**DATA SHOWN**
----------------------------------------

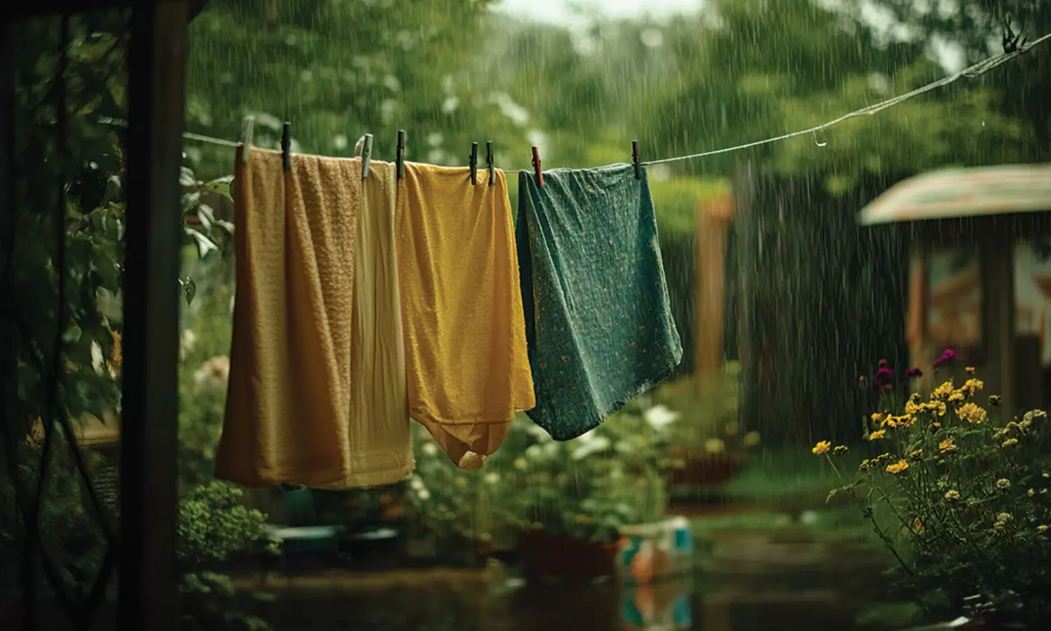 மழைக்காலத்தில், வெயில் மற்றும் காற்றின் ஈரப்பதம் இல்லாத காரணத்தால் துணிகளை உலர்த்துவது பெரும் சவாலாக உள்ளது. இதனால் துணிகள் சீக்கிரம் காயாமல் பூஞ்சை வாடை வீச ஆரம்பிக்கிறது. இதற்குத் தீர்வாக, முதலில் துணிகளில் உள்ள அதிகபட்ச நீரை வெளியேற்ற வேண்டும்; வாஷிங் மெஷினில் துவைப்பவர்கள் துணிகளை அதிக வேகத்தில் இரண்டு முறை 'சுழற்றுதல் (Spin Cycle)' செய்ய வேண்டும், கைகளால் துவைப்பவர்கள் துணிகளை ஒரு சுத்தமான, உலர்ந்த டவலில் வைத்து இறுக்கமாகச் சுருட்டி அழுத்தி நீரை உறிஞ்சச் செய்யலாம். மேலும், துணிகளை உலர்த்தப் போடும் முன் ஒவ்வொன்றையும் நன்கு உதறி, அதன் இழைகளைப் பிரித்து, துணியின் மேற்பரப்பை அதிகப்படுத்துவதன் மூலம் ஆவியாதல் சீக்கிரமாக நடைபெறும்; குறிப்பாக ஜீன்ஸ் போன்ற கனமான துணிகளை மடிப்பு இல்லாமல் பரப்பிப் போடுவது மிகவும் அவசியமாகும்.
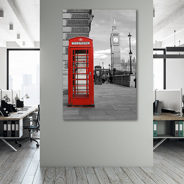 London ist eine sehr beliebtes Ausflugsziele für Städtereisen und auch als Wandbild für deine Wohnung ist es etwas besonderes. Unser Motiv in Schwarz-Weiß zeigt eine alte englische Telefonzelle mit der beliebten Sehenswürdigkeit Big Ben im Hintergrund.
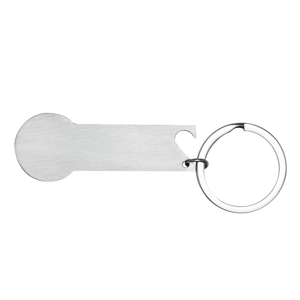 Einkaufswagenlöser NO COIN: basierend auf der Größe von einem 1-Euro-Stück, mit integriertem Flaschenöffner und Schlüsselring

----------------------------------------

**ASSIGNMENT**
With the pictures left out, return all the material above exactly.

**EXPECTED ANSWER**
 மழைக்காலத்தில், வெயில் மற்றும் காற்றின் ஈரப்பதம் இல்லாத காரணத்தால் துணிகளை உலர்த்துவது பெரும் சவாலாக உள்ளது. இதனால் துணிகள் சீக்கிரம் காயாமல் பூஞ்சை வாடை வீச ஆரம்பிக்கிறது. இதற்குத் தீர்வாக, முதலில் துணிகளில் உள்ள அதிகபட்ச நீரை வெளியேற்ற வேண்டும்; வாஷிங் மெஷினில் துவைப்பவர்கள் துணிகளை அதிக வேகத்தில் இரண்டு முறை 'சுழற்றுதல் (Spin Cycle)' செய்ய வேண்டும், கைகளால் துவைப்பவர்கள் துணிகளை ஒரு சுத்தமான, உலர்ந்த டவலில் வைத்து இறுக்கமாகச் சுருட்டி அழுத்தி நீரை உறிஞ்சச் செய்யலாம். மேலும், துணிகளை உலர்த்தப் போடும் முன் ஒவ்வொன்றையும் நன்கு உதறி, அதன் இழைகளைப் பிரித்து, துணியின் மேற்பரப்பை அதிகப்படுத்துவதன் மூலம் ஆவியாதல் சீக்கிரமாக நடைபெறும்; குறிப்பாக ஜீன்ஸ் போன்ற கனமான துணிகளை மடிப்பு இல்லாமல் பரப்பிப் போடுவது மிகவும் அவசியமாகும்.
 London ist eine sehr beliebtes Ausflugsziele für Städtereisen und auch als Wandbild für deine Wohnung ist es etwas besonderes. Unser Motiv in Schwarz-Weiß zeigt eine alte englische Telefonzelle mit der beliebten Sehenswürdigkeit Big Ben im Hintergrund.
 Einkaufswagenlöser NO COIN: basierend auf der Größe von einem 1-Euro-Stück, mit integriertem Flaschenöffner und Schlüsselring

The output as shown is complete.